Complete the steps above so that your form works and answers the question for any name I enter. Paste the Show URL into the form below and submit it by the deadline. The URL should be like name-bark.glitch.me/form
.
If you get stuck try backing up and following my steps again. If you still can’t get it to work, you have options:
- Go to the
#design-development
channel in the social-j Slack and post the “edit” link to your code.
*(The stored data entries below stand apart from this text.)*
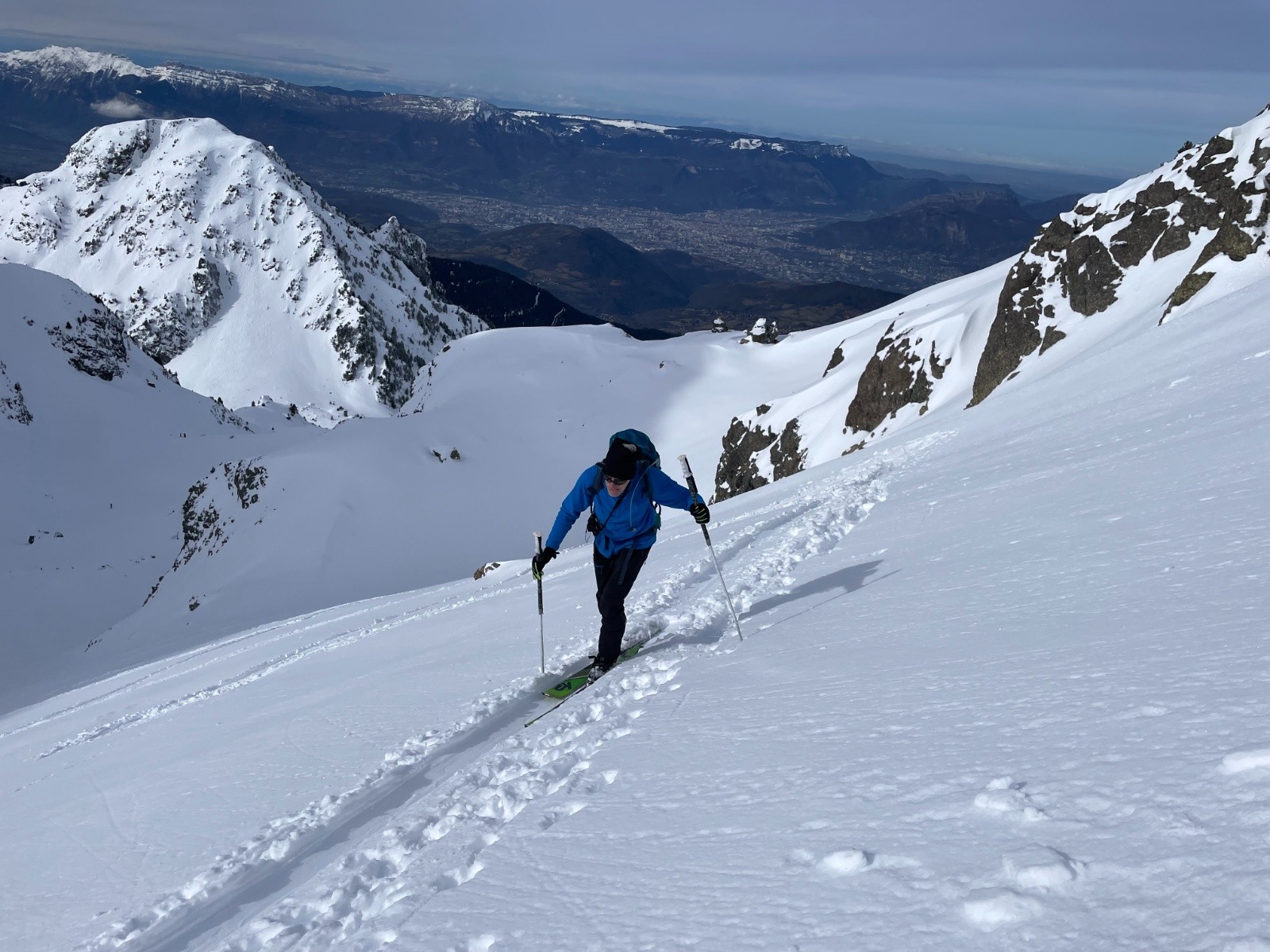 Montée sur Jasse Bralard sur une neige tassée, pas eu besoin des couteaux, bon tracé, mais pas mal de conversions avant le sommet
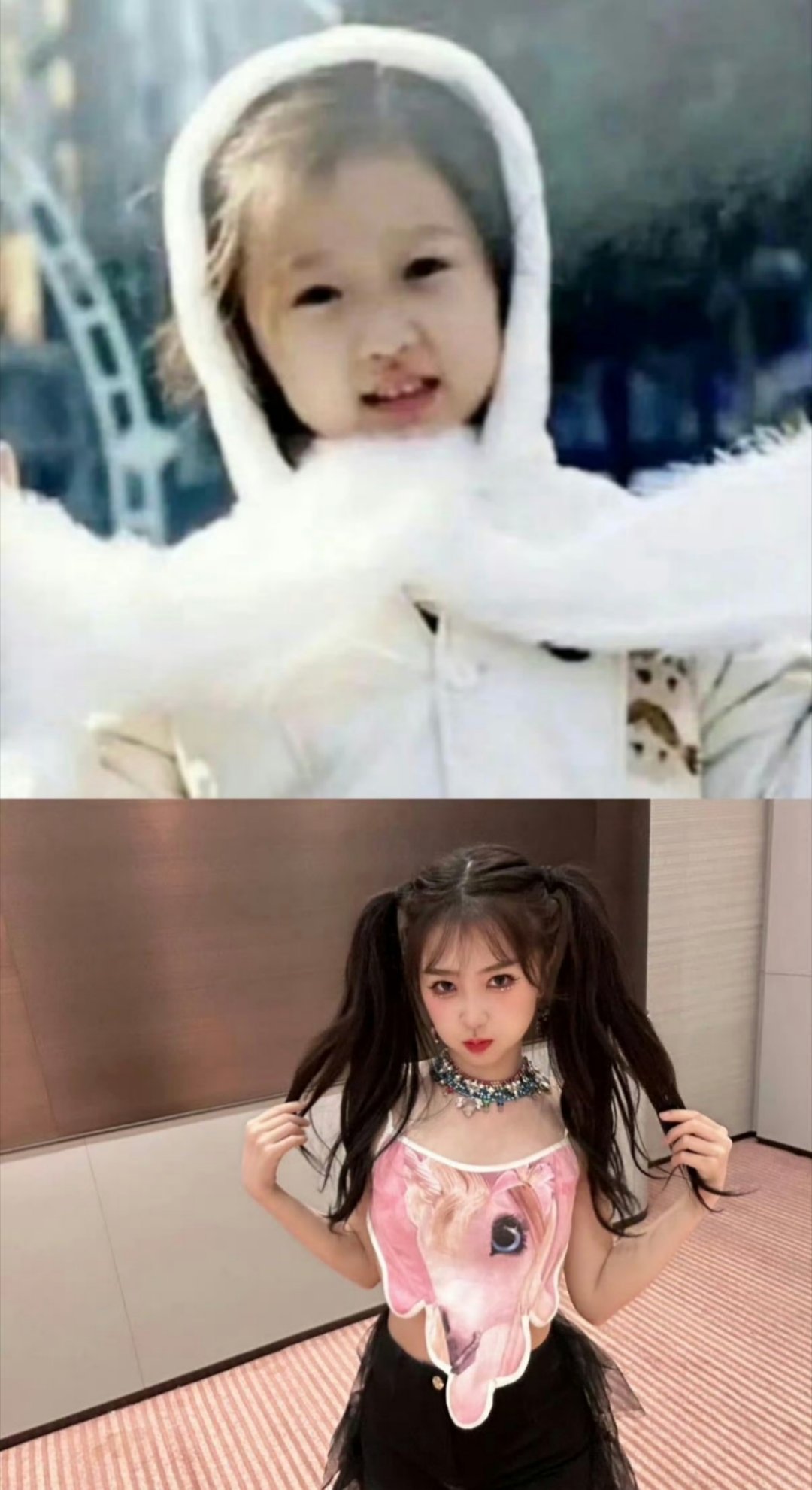 虞书欣在上班路上碰到小时候的自己,你们两个之中有两个很萌!
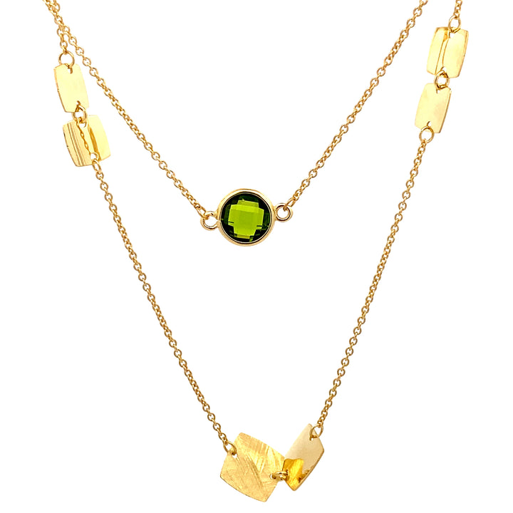 Elegantes Collier mit grünem Peridot – 925 Silber, Gelbvergoldet, 88 cm
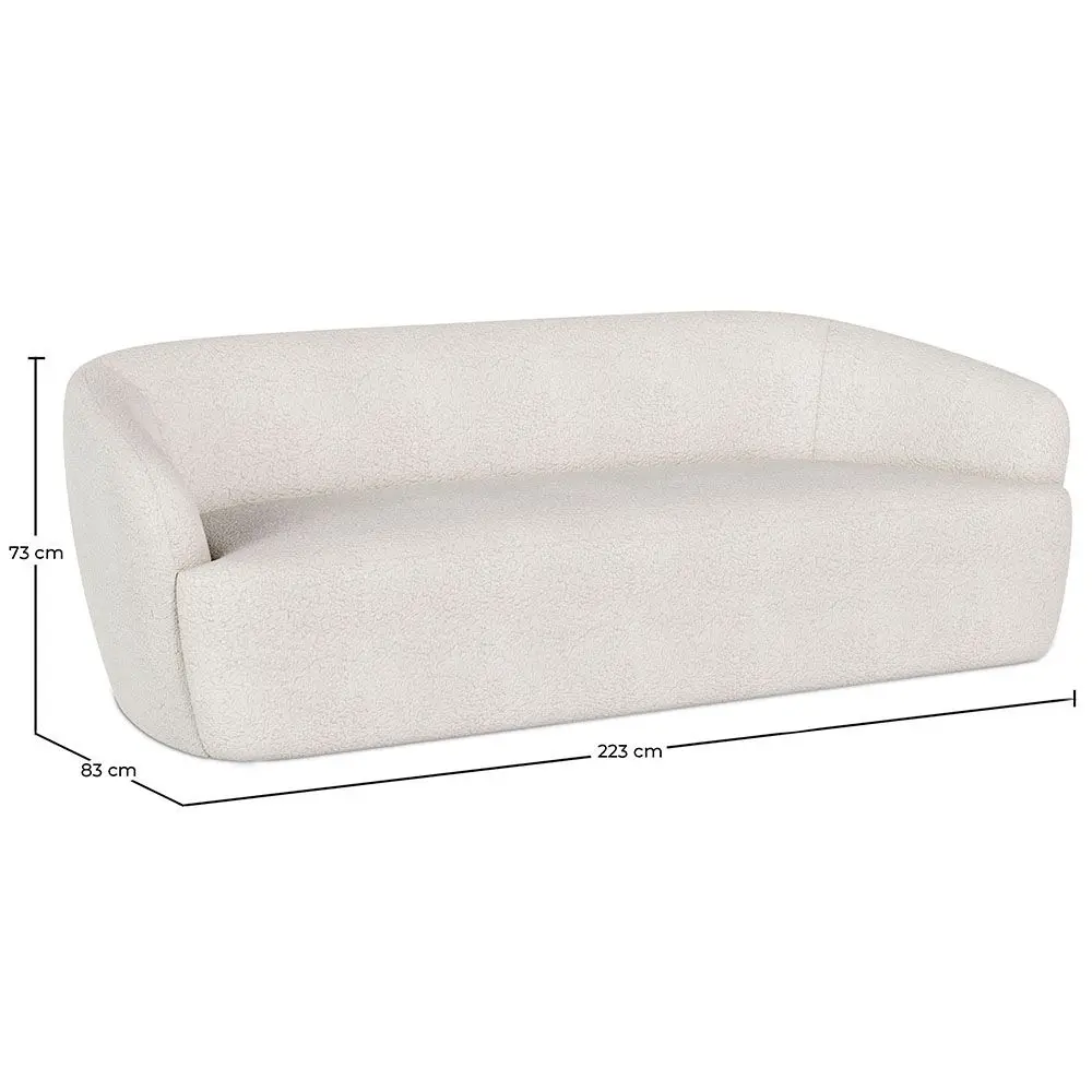 The Bold trend is in full swing and this curved sofa is an example of it. Our sofa upholstered in boucle fabric is one of our best sellers thanks to its modern design and the warmth of its off-white upholstery. Elegant and luxurious, it's perfect for hotels, restaurants, and waiting rooms. The Curva teddy coating fabric sofa is also available in a 2-seater version.
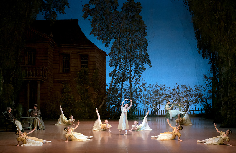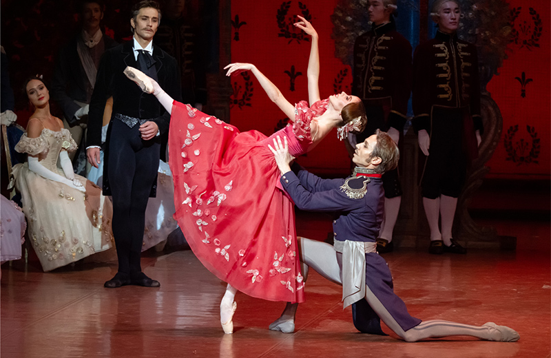 1820年代のロシア。素朴な人々が暮らす田舎と華やかな帝都ペテルブルクを舞台に、ロシアの理想の女性と称えられる誠実なタチヤーナと憂愁の貴公子オネーギンの悲劇的な恋のゆくえがチャイコフスキーの同名オペラとは別の音楽を使って描かれます。 タチヤーナとオネーギンをめぐる出来事がまるで映画を見るように流暢に進んでいくなか、現れるのは全編の白眉ともいえる二つの鮮烈な場面。オネーギンを慕うタチヤーナの初恋の高まりを描く第1幕最後の“鏡のパ・ド・ドゥ”と、二人のすれ違ってしまった恋の葛藤を表現する最終場の“手紙のパ・ド・ドゥ”はこれぞドラマティック・バレエといえる名シーンです。
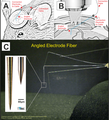 Thomas quartz/platinum-tungsten fiber microelectrodes permit the recording of extracellular potentials with excellent single-unit isolation, signal to noise-ratio and temporal stability. Thomas RECORDING GmbH offers bent electrode fibers that are used, for example, in optical imaging applications. We can offer all of our fiber microelectrodes (i.e., electrodes, tetrodes, and heptodes) in bent versions. The impedance and insulation between individual conductors of tetrodesn and heptodes are not affected by bending the fibers. The fiber electrodes can be equipped with suitable connectors for your preamplifier (e.g., Omnetics). We supply specific holders for mounting the electrode to your microelectrode manipulator. We build your specific electrode according to your requirements. Do not hesitste to contact us with your specific request!
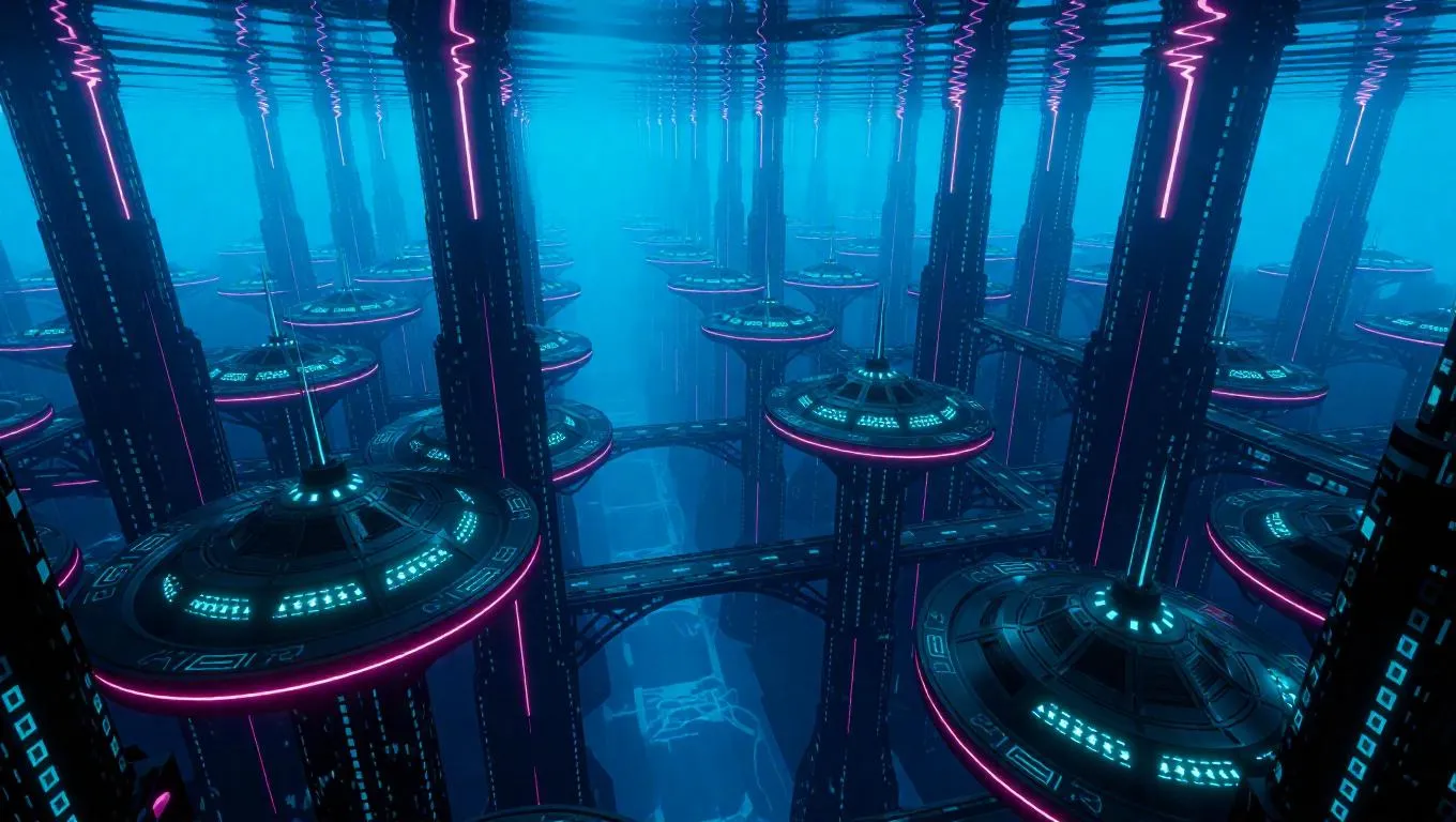 Explore a hyperrealistic underwater megacity from a bird's-eye view. Marvel at towering glass spires, neon-lit panels, and suspended bridges bathed in prismatic light. This AI-generated scene captures iridescent neon highlights and a sprawling, multilevel metropolis. Perfect for futuristic, neoncity themes. Transform your vision into stunning visuals with VivaGO.ai's AI-powered creative tools.
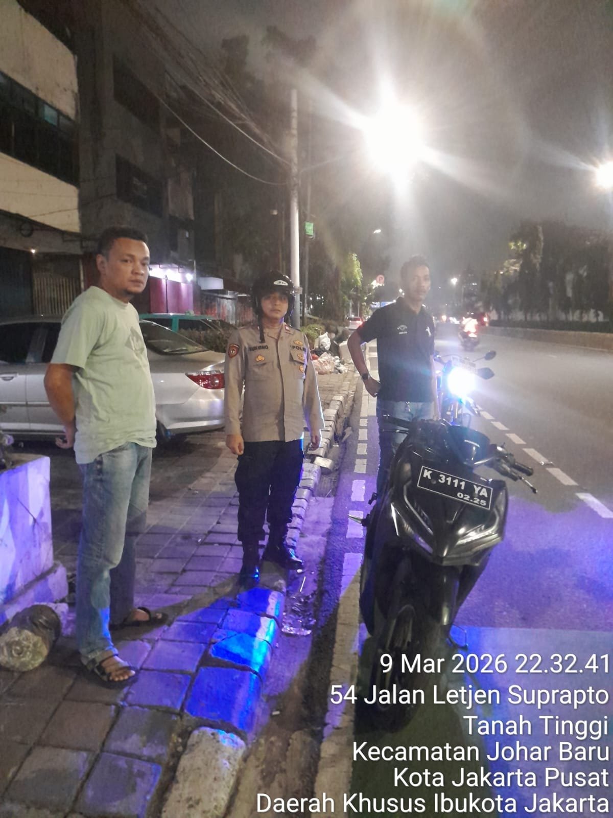 Kegiatan tersebut dilaksanakan pada Senin (9/3/2026) pukul 22.00 WIB di kawasan Jalan Letjen Suprapto, Kelurahan Tanah Tinggi, Kecamatan Johar Baru, Jakarta Pusat. Patroli dipimpin oleh Aiptu Zulfikar Hasibuan selaku Perwira Pengendali (Padal) dan didampingi Iptu Wisnu selaku Panit Opsnal Intelkam, Aiptu Sukirno Panit Samapta, Aiptu Antonius AW selaku Kapolsubsektor Tanah Tinggi, serta personel Unit Reskrim Aiptu Budiheri dan Bripka Suparyanto.
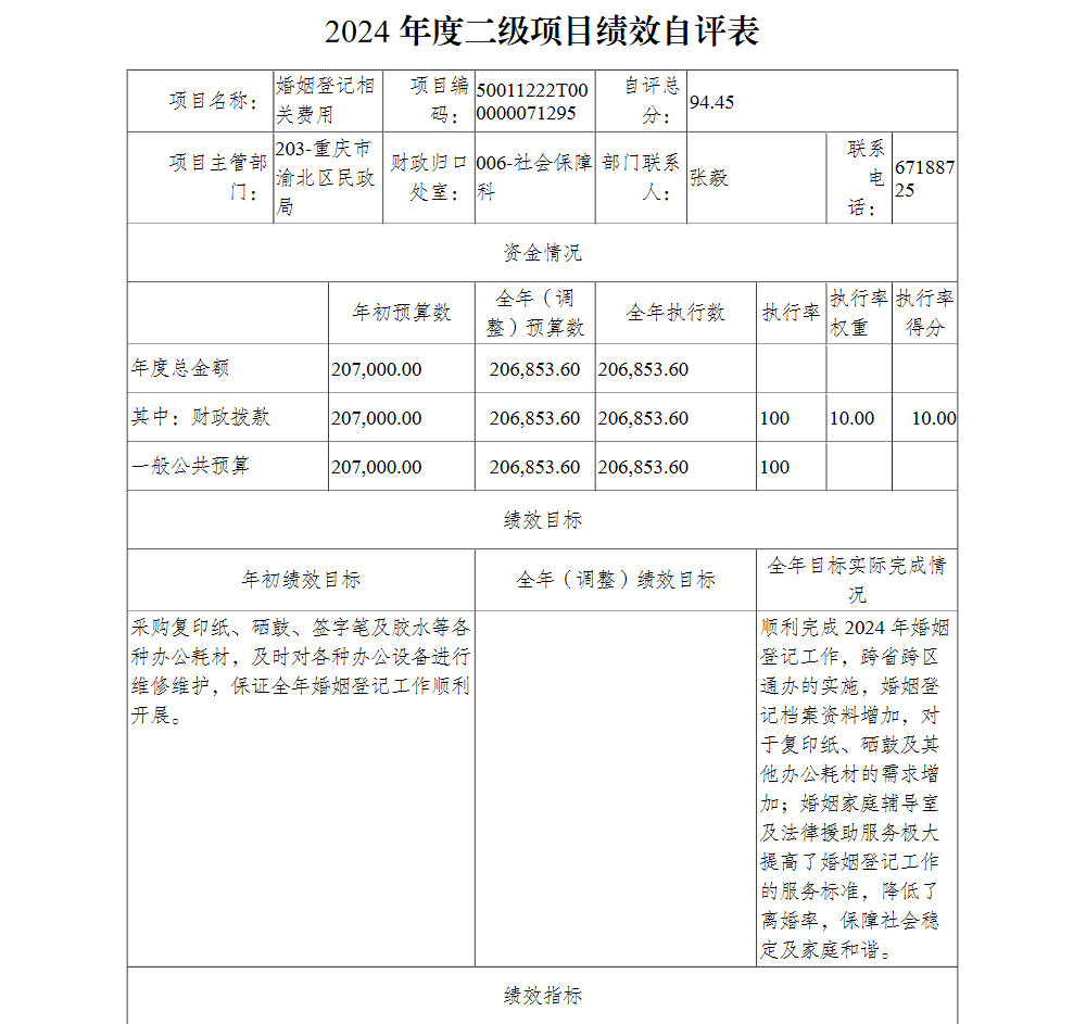 重庆市渝北区民政局婚姻登记处2024年单位决算情况说明及附表.pdf
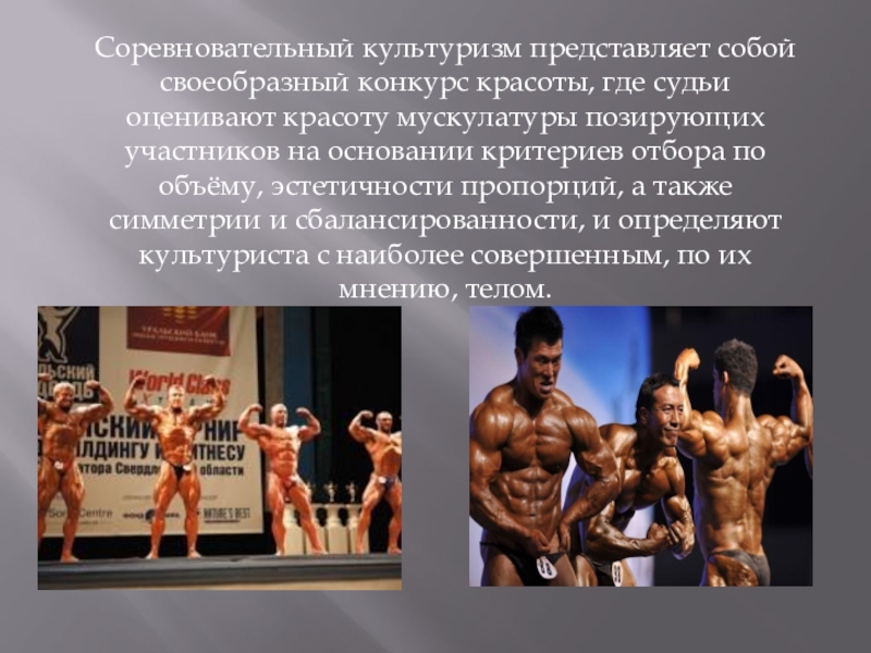 Слайд 9Соревновательный культуризм представляет собой своеобразный конкурс красоты, где судьи оценивают красоту мускулатуры
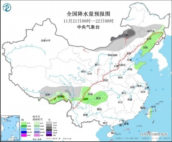 11月21日08時(shí)至22日08時(shí),內(nèi)蒙古中部、黑龍江南部、吉林西部、西藏東南部、川西高原等地部分地區(qū)有小雪或雨夾雪,其中,內(nèi)蒙古中東部、西藏東部等地部分地區(qū)有中到大雪(5~9毫米)。吉林東部、遼寧中東部、山東半島、西藏東南部、四川南部、重慶南部、貴州西北部等地部分地區(qū)有小到中雨,其中,西藏東南部等地部分地區(qū)有大雨(25~30毫米)。內(nèi)蒙古西部和中部、寧夏等地部分地區(qū)有4~6級(jí)風(fēng)(見圖4)。
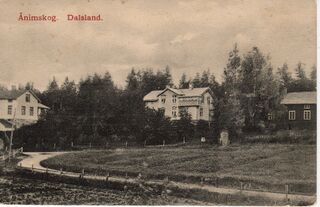 Vykort. Text: "Dalsland. Ånimskog". Vykortet ägs av Hans-Jürgen Koechling. Vy mot Fremlings gamla hus. Nord-väst ifrån stationen.
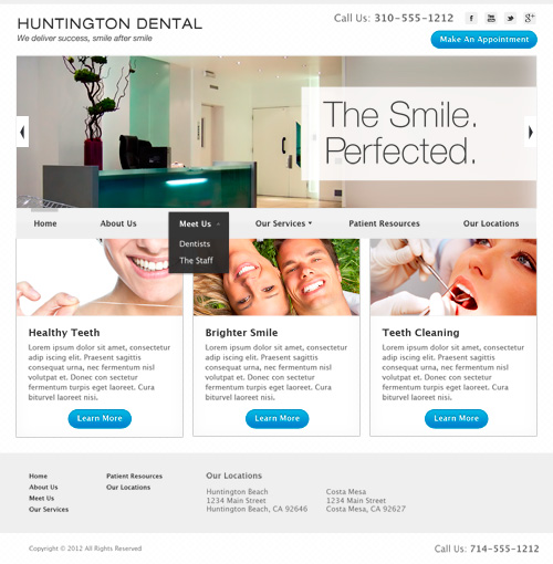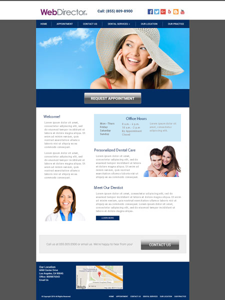 WebDirector lets you choose from over 35 dental website designs. Our templates are easily customizable to give your practice a unique, completely modern web presence. Change colors, text and photos however you like. No special technical expertise is required. And, it costs nothing extra for your new, custom design to appear on your mobile site and social media pages. Need help updating your website? We can do it for you at no extra charge.
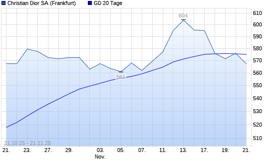 Mit dem Anstieg auf 576,00 EUR hat die Christian Dior-Aktie am 20.11.2025 die 20-Tage-Linie nach oben gekreuzt.

That link will begin like this:https://glitch.com/edit/#!/your-project ...
. Include a short description of what’s not working and what you’ve already tried. - Join my “helpdesk hours” Wednesday at 12:30 pm. The link for that has been added to the syllabus and will be posted in the
#design-development
chat every Wednesday morning.
Class 4 • Introduction to conversational interfaces
Automatically processing what someone is saying – either in a chat, to a voice assistant, or in an email – is increasingly possible thanks to machine learning. We’ll play with one of these natural language processing tools (such as Dialogflow) to get a handle on how to make it work for you.
Utterances
These are things humans might say or type to a bot.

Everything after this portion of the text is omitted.